Motor control is a process whereby the brain's cortex sends motor commands to motor neurons in order to effect goal-directed, coordinated behavior. Motor commands are discrete signals of which there are two types, start and stop. These correspond roughly to the excitatory and inhibitory signals that are observed in the motor systems of humans and animals. A start command starts an action (such as contracting a muscle) while a stop command stops an action already in progress.
An important question is, how does the motor system control the amount of force exerted by the muscles? The answer is that every motor action is serviced by a set of motor neurons and each neuron in the set is pre-wired to exert a different force magnitude. It is up to the motor learning system to determine which ones to activate for a given goal or situation.
Since motor neurons are shared by a large number of cortical programs, it is important that the command signals are not in conflict. There are two principles that govern motor coordination.

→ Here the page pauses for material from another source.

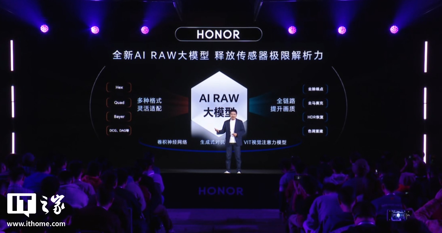 IT之家 3 月 3 日消息,荣耀在昨日晚 2025 年世界移动通信大会(MWC)上正式推出以 AI 为中心的影像品牌 AIMAGE,含端云协同的 AI KERNEL 与 AI 生态系统。据介绍,端侧大模型提高图像清晰度,云端大模型助力长焦摄影,AI 修图,端云协同实现全场景影像突破。

1. A motor neuron must not receive more than one command at a time.
2. No action can be started if it is already started or stopped if it is already stopped.
During motor learning, motor connections are monitored to see if they violate the coordination rules. Any violation results in the weakening of the conflicting connections. In the end, only the strongest connections survive.
The principles of goal-directed motor learning are simple, powerful and can be easily implemented in a computer. However, they are of no use unless motor signals can be generated in an orderly, predictable and coherent manner. In other words, an intelligent system must have a sophisticated perceptual mechanism before it can even begin to behave sensibly to achieve its goals.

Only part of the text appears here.